Glad it was helpful! These are problems everyone can be watching for!
Hi Lisa: Thank you for the great post. I'm still honing my deep POV skills and this is so useful!
Awesome! Are you enjoying deep POV or finding it a slog?
This need for emotion on the page is true even when the POV isn't deep. The hardest part about it for me is trusting the reader to get it. I think reader age comes into play here too. I write for kids and teens who may not have the experience with certain emotional cues. This is where a critique partner comes in. If the adults don't get it, possibly a kid won't either. (Some things, the kids will get more than the adults.)
Yes - less so for YA but definitely for MG for sure. However, kids are great observers. They pic up on body language cues pretty quickly even if they can’t articulate what they’re taking in.

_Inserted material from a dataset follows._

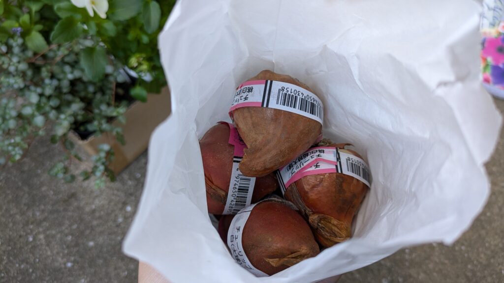 ビオラの向こう側に3つほどチューリップの球根を植えています。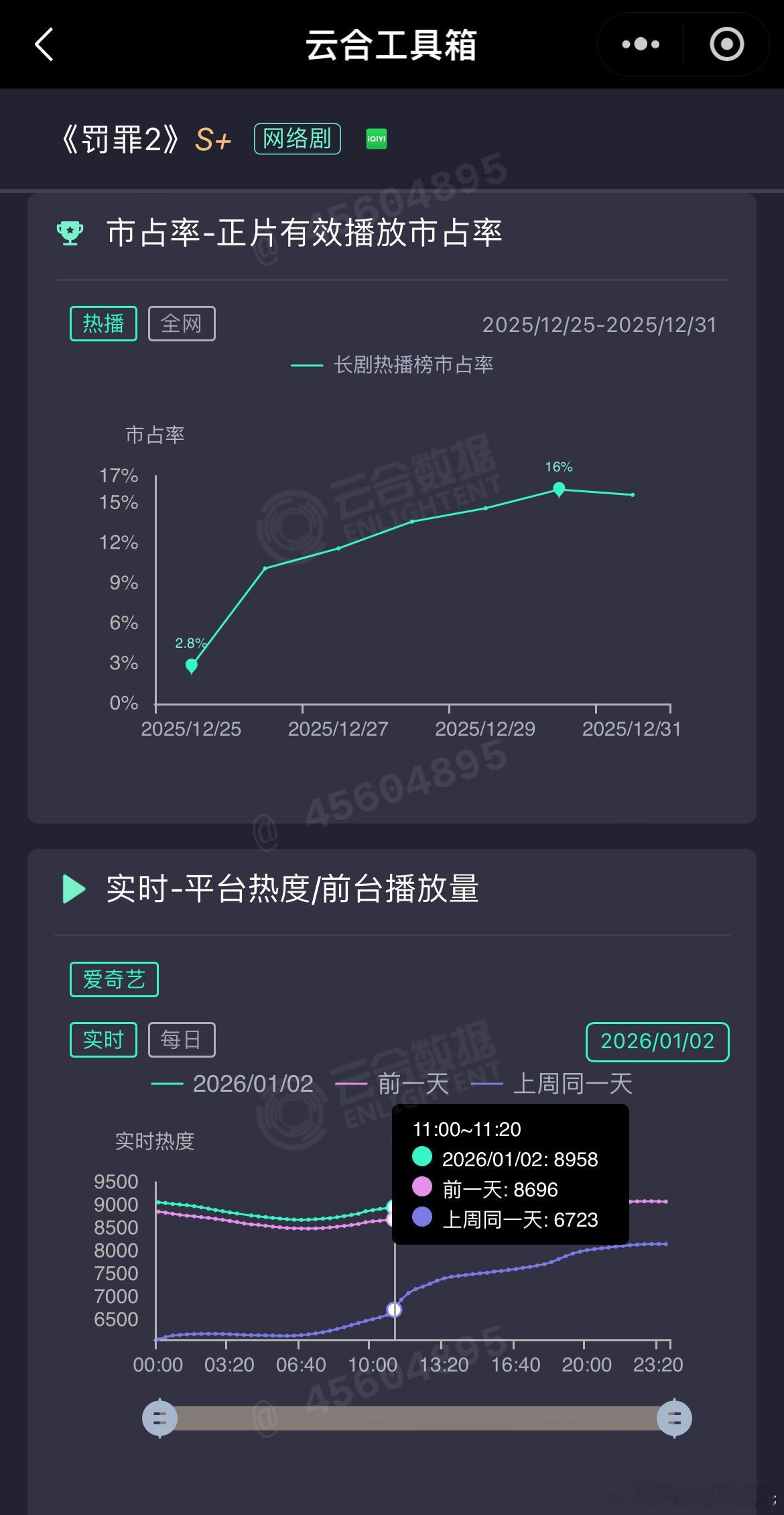 到底是谁把罚罪2 奶到集均4500万的???当前集数过半,播放量云合最高3500万,酷云最高3700万……40集双更的剧单日峰值播放量没到8000万都到不了4500万的,这还是在爱奇艺热播期超长的前提下~元旦当日罚罪爱奇艺热度9087,跨年+元旦二连降了。好消息是实时热度已经比昨日高200,今晚热度9200-9300上下目前的走势感觉就是集均2000-2500万,如果播放量能上去,再提高预估的集均

Very nice Lisa. Good hints. Must deep POV always be about emotion? "My mind flooded with possible rejoinders. 'Yes,' 'maybe,' 'impossible.' Which one to choose?"
Deep POV isn’t about emotion. Any viewpoint done well can get curious about and compellingly explore emotions in a story. The difference is how immersive is the character’s emotional journey? How much do you employ the author/narrator voice to do that? Deep POV wants to completely remove the author/narrator voice.
This post really clarified for me why so many newer writers struggle with Deep POV. I was in that group that initially learned more about three-act structure and pretty sentences than they did about emotion on the page. It's like how an oncologist only sees cancer because that's what they're looking for.
The training to get emotion onto the page didn't come until almost two decades after I started writing. Deep POV got easier at that point, because I could finally see how to do it.
Yes. It’s not about the kind of story you want to tell, the genre, first or third person or past or present tense. The learning curve is capturing the lived experience of the character immersively.
great advice
Wow! Wow! Wow!
Thank you, Lisa.
I can get my writing into Deep POV, but staying there, building a more solid arc to get there, has always been my challenge. You succinctly hit the head on the proverbial nail on each of your points. THANK YOU! THANK YOU! THANK YOU!